Large Language and Vision Assistant (LLaVA), developed by researchers at Microsoft, the University of Wisconsin-Madison, and Columbia University, has been made publicly available.
In order to attain state-of-the-art accuracy on the ScienceQA benchmark, LLaVA was fine-tuned on a synthetic instruction-following dataset and is based on a CLIP image encoder and an LLaMA language decoder.
The instruction-following dataset, which consists of fictitious talks between a human user and an AI assistant concerning the content of images, was created by the researchers using GPT-4. The LLaVA model, which is made up of two foundation models—CLIP for vision and LLaMA for language—and a third network layer connecting the two—was adjusted using the data from this dataset. Additionally, the scientists asked GPT-4 to rank LLaVA’s output on a scale of 1 to 10 in order to assess how well it responded to the studies. LLaVA set a new milestone for accuracy by achieving an accuracy of 92.53% on the ScienceQA training dataset. The researchers claim that:
“This paper demonstrates the effectiveness of visual instruction tuning using language-only GPT-4. We have presented an automatic pipeline to create language-image instruction-following data, based on which we train LLaVA, a multimodal model to follow human intent to complete visual tasks. It achieves [an] excellent visual chat experience when fine-tuned on multimodal chat data.”
As demonstrated by ChatGPT, the method of fine-tuning large language models (LLMs) with instruction-following datasets has improved performance, leading researchers to investigate the method with smaller LLMs. The addition of the capability to process picture data has been the next stage in the development of AI assistants, as demonstrated by the introduction of GPT-4 and Visual ChatGPT.
The team at LLaVA set out to train a model from beginning to end via visual instruction tweaking. The researchers began by using photos taken from the COCO dataset for this. The team fed this information into a text-only GPT-4 along with prompts asking GPT-4 to output instruction-following data, such as: imagined conversations between a person and an assistant, questions about the specifics of the image content, and questions requiring reasoning about the image content, because the images are annotated with captions and object bounding boxes. The generated dataset has 158K samples in total.

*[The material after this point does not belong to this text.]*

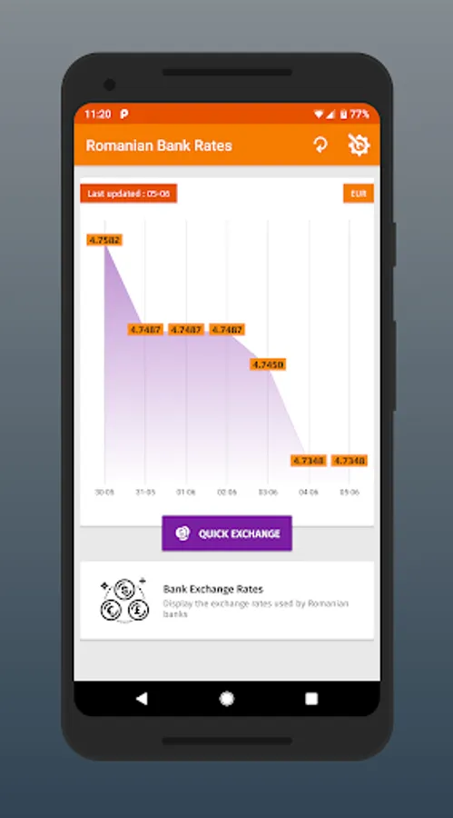 ✦ Quick Convert option : Simulate a RON-to-foreign (or vice-versa) currency exchange with the rates practiced by a bank of your choosing.

The projection matrix layer in the LLaVA architecture transforms text input and visuals into the same word embedding space after the CLIP foundation model. The LLaMA decoder then generates output using the picture and text tokens. The project matrix is first trained by a pre-training approach, after which the projection layer and the LLaMA decoder weights are updated while the CLIP weights remain frozen.
Both an interactive demo and the LLaVA source code are accessible on the project website. Huggingface hosts the LLaVA training data and model weights. The model, which incorporates LLaMA with delta weights on top, “should not be used outside of research purposes.”